By Carla Marinucci
San Francisco Chronicle
San Francisco, California
28 September 2007
Days after a controversial organization began collecting voter signatures for a ballot measure to change California's winner-take-all primary, a founder of the GOP-backed group says its major players are resigning - and the group will fold - due to lack of funding and support.
"The levels of support just weren't there," said Marty Wilson, the Sacramento-based fundraiser, in a telephone interview Thursday.
Wilson was among the founding members of Californians for Equal Representation, the group led by Sacramento attorney Thomas Hiltachk that intended to collect roughly 434,000 signatures to qualify the Presidential Election Reform Act for the June 2008 ballot.
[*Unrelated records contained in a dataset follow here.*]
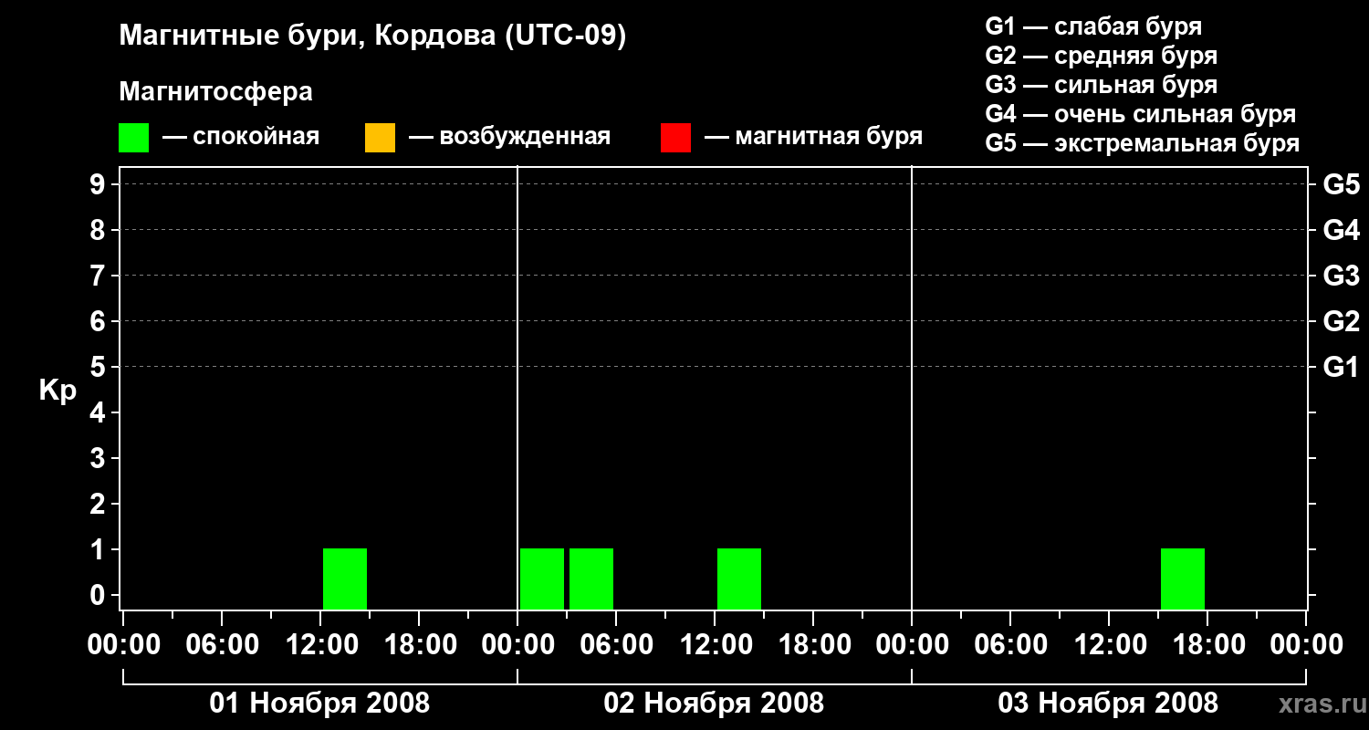 Изменения геомагнитного индекса Kp с 1 по 3 ноября 2008 года для средних широт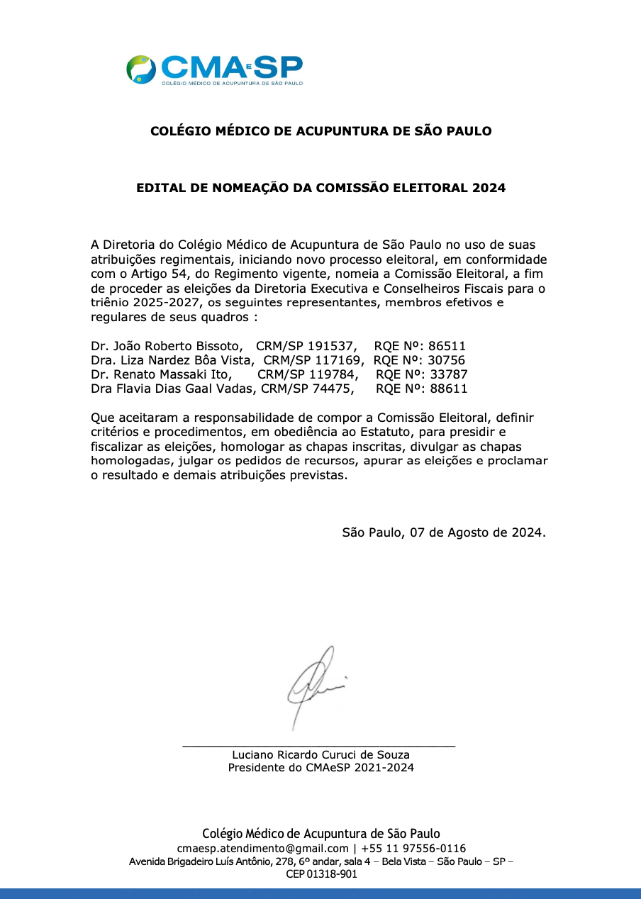 Edital de Nomeação da Comissão Eleitoral 2024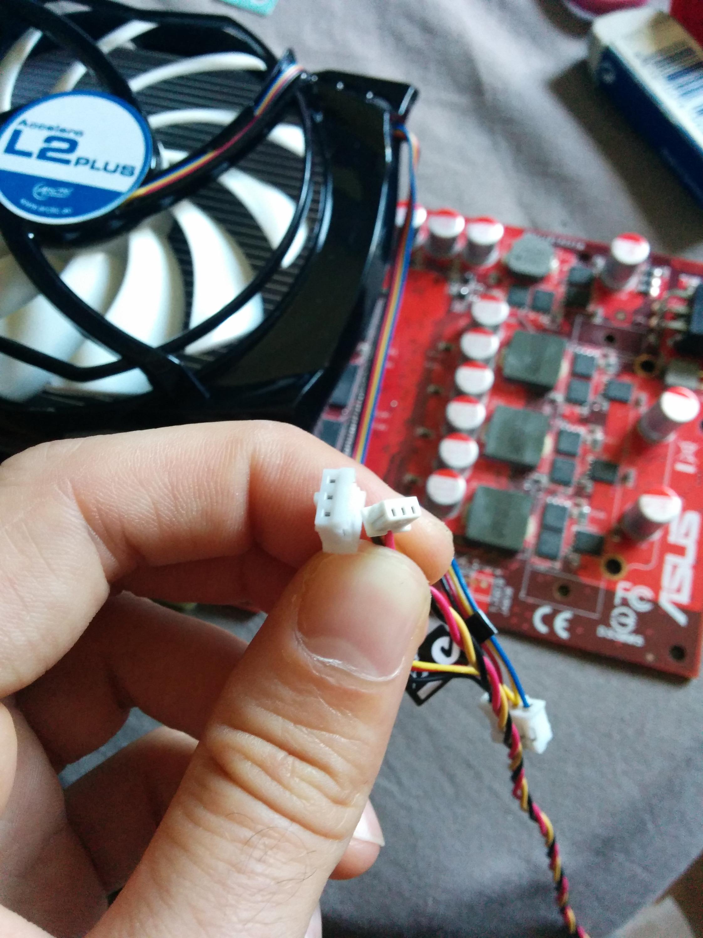 Da hätte man sich eben vorab informieren sollen, ob der Stecker passt... Nimm doch einfach den Molex-Adapter wie hier beschrieben (unter Support und "Verwendung des 4-Pin Lüfteradapters"): http://www.arctic.ac/eu_de/accelero-l2-plus.html
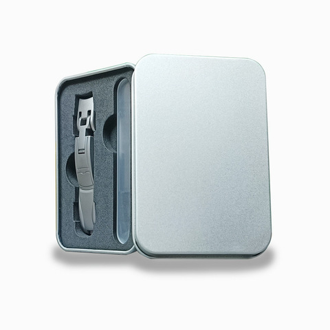 2-Piece Universal Oblique Nail Clippers with Bright Nail File Customizable Logo Stainless Steel Aluminum Box for Fingers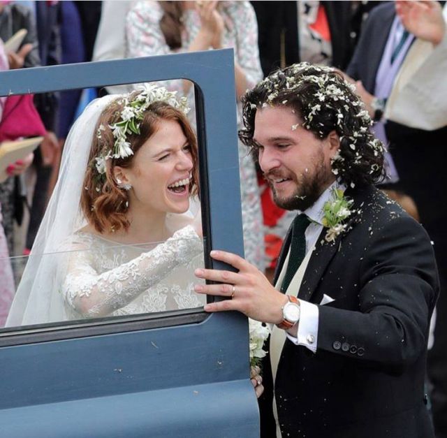 تزوج الممثلان البريطانيان كيت هارينغتون وروز ليزلي، بطلا مسلسل Game of Thrones "لعبة العروش" يوم السبت في شمال شرق إسكتلندا، ما دفع العريس الى ارتداء الزي التقليدي.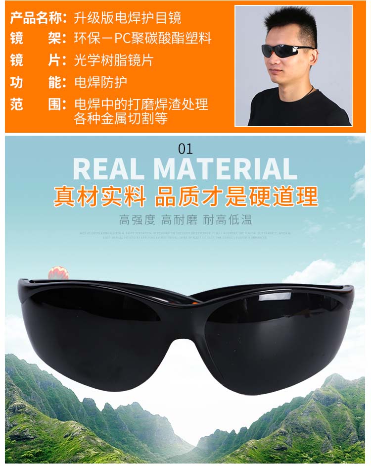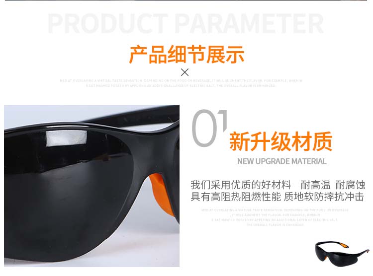 商品名称:汉防电焊眼镜护目墨镜焊工切割打磨氩弧二保焊机防防强光紫外线黑色眼镜一副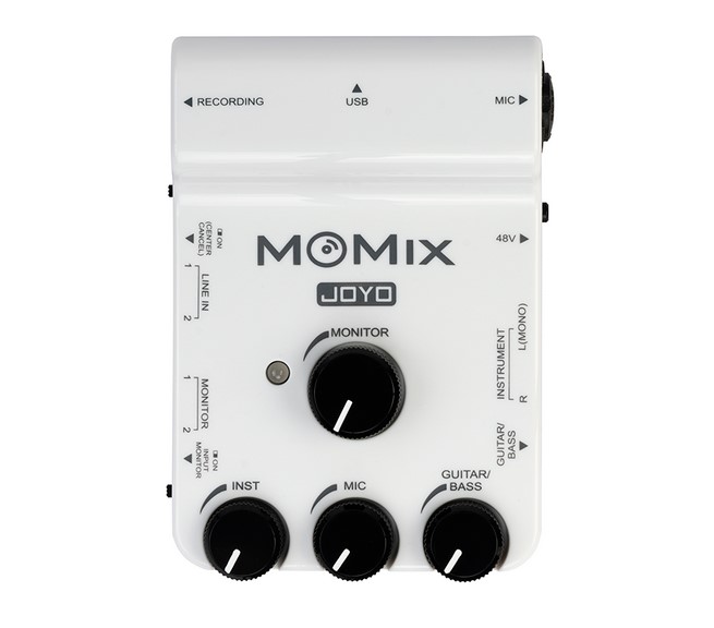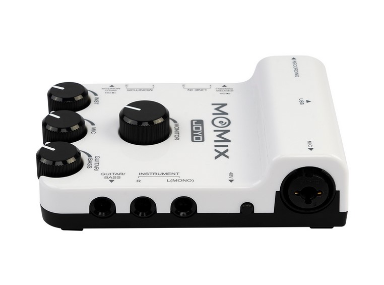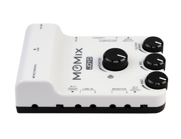 MOMIX — это микшер для записи и потокового вещания с портативных устройств, вы можете подключить к нему микрофон, гитары, клавишные, электронные ударные установки и многое другое. Он оснащен 2 линейными стереовходами для мультимедийного оборудования. Просто настройте громкость инструментов и вокала на MOMIX, подключите к нему наушники или усилитель для полного контроля.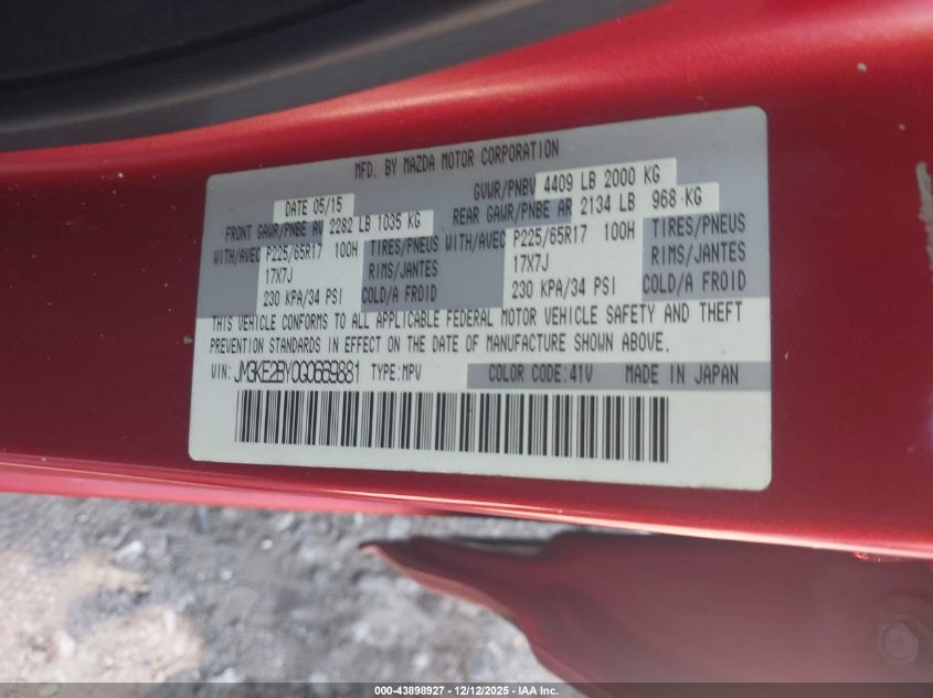 2016 MAZDA CX-5 - JM3KE2BY0G0669881, колір - Червоний, 2.5, Бензин, Передній привід із США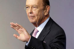 U.S. Commerce Secretary Wilbur Ross waves after speaking about new
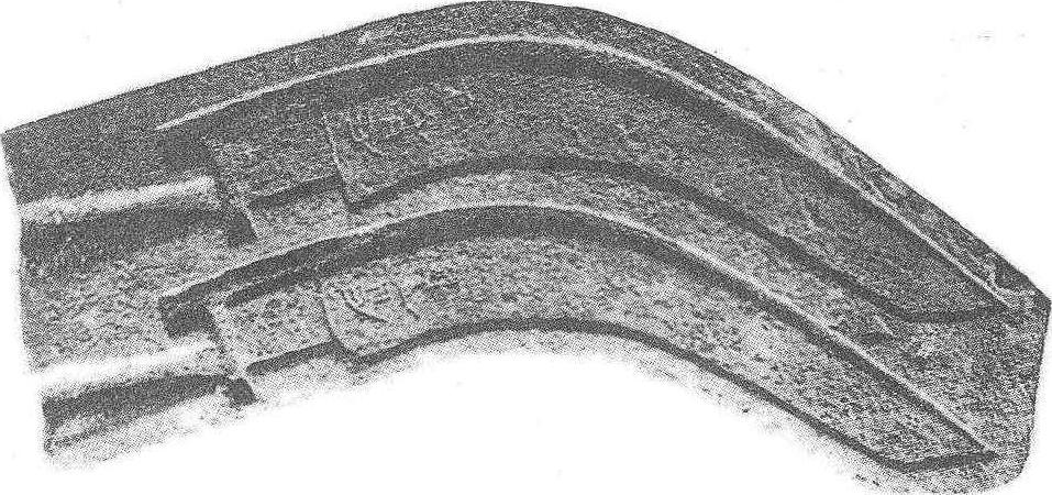 图4 河北兴隆出土战国铁镰范 并不太大,一直沿用至今。但由于不同的作业需要,也出现几种特殊用途的镰刀。如汉代发明一种专门用来收割禾草和撒播作物的䥽镰。 䥽镰是种两边有刃的大镰刀,双手执握用以砍削禾秸。四川、湖北汉墓中都出土过䥽镰,四川出土的东汉画像砖上也有使用䥽镰的画面。 《说文解字》:“䥽,两刃,木柄,可以刈草。”王祯《农书·铚艾门》亦说:“䥽,两刃刈也。 其刃长余二尺,阔可三寸,横插长木柄内,牢以逆楔。农人两手执之,遇草莱或麦禾等稼,折腰展臂,匝地芟之,柄头仍用掠草杖,以聚所芟之物,使易收束。”至宋元时期又发明一种收割工具叫推镰。虽也叫镰,但已与普通镰刀大不相同,而是把长条形铁刀装在带有两个轮子的架上,后有长柄,使用时奋力向前推去,可铲割作物。这已是一种收割机械。 |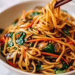 This Easy Lo Mein recipe is a quick and flavorful vegetarian stir-fry noodle dish loaded with fresh vegetables and a savory sauce. Perfect for a weeknight dinner, it combines tender lo mein noodles with crisp bell peppers, carrots, and snow peas, all tossed in a delicious blend of soy, oyster, and hoisin sauces. Ready in just 25 minutes, this homemade lo mein is both satisfying and versatile.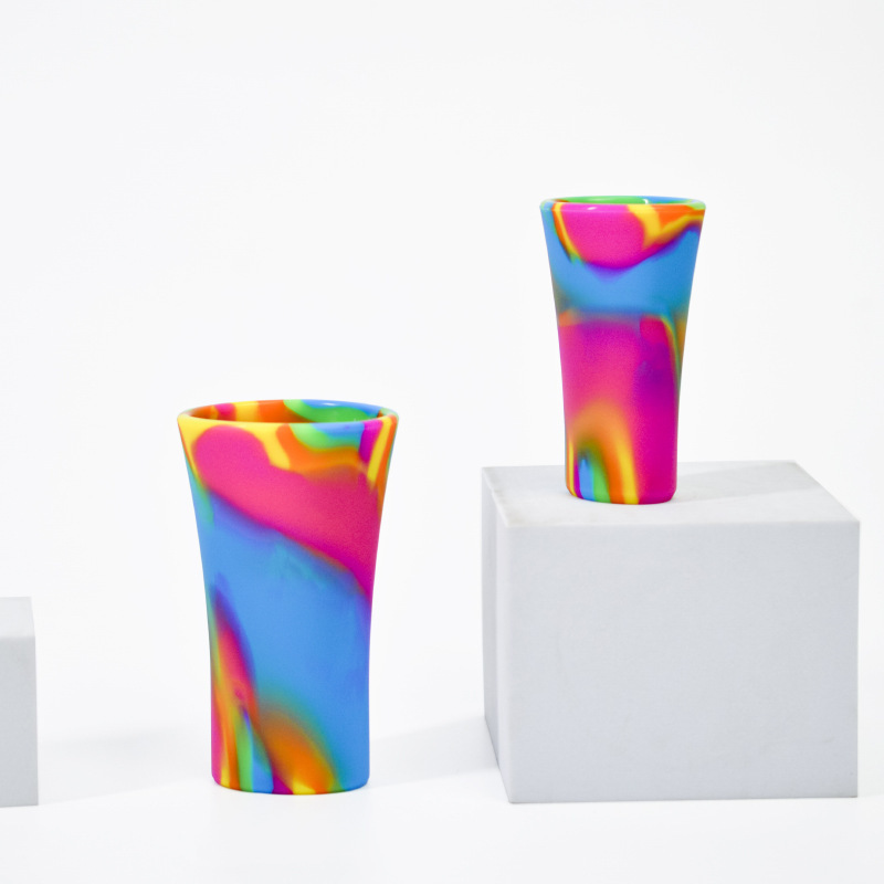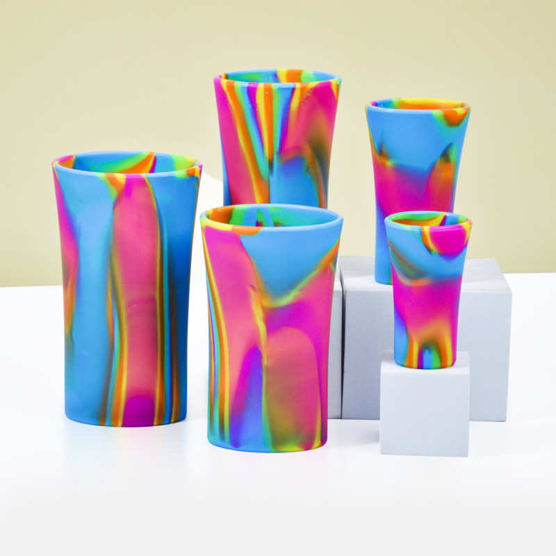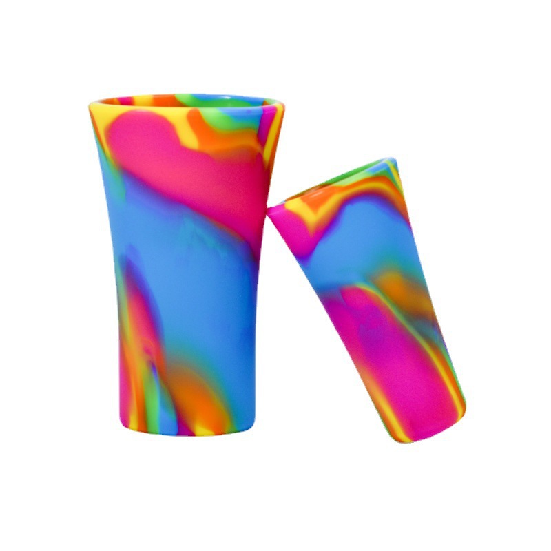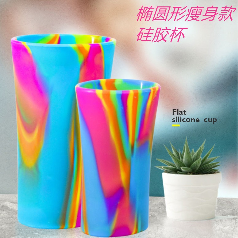 跨境新款防摔硅胶红酒杯食品级儿童硅胶杯 彩虹混色椭圆形茶杯

The measure would have changed the state's winner-take-all means of awarding Electoral College votes to a proportional system that would have awarded 53 of the state's 55 electoral votes - one by one - to the popular vote winner of each of the state's 53 congressional districts. The other two electoral votes would have gone to the statewide popular vote winner.
The change, Democrats had complained, would benefit the GOP - and perhaps alter the outcome of the 2008 presidential election.
"There has not been the financial level of support necessary to run a viable campaign, and there wasn't sufficient interest from donors inside or outside the state to qualify the measure for the ballot," Wilson said.
Wilson said he has disassociated himself from the committee, and he confirmed that Hiltachk, who has represented both Gov. Arnold Schwarzenegger and the state GOP, resigned from the committee Wednesday, as has spokesman Kevin Eckery.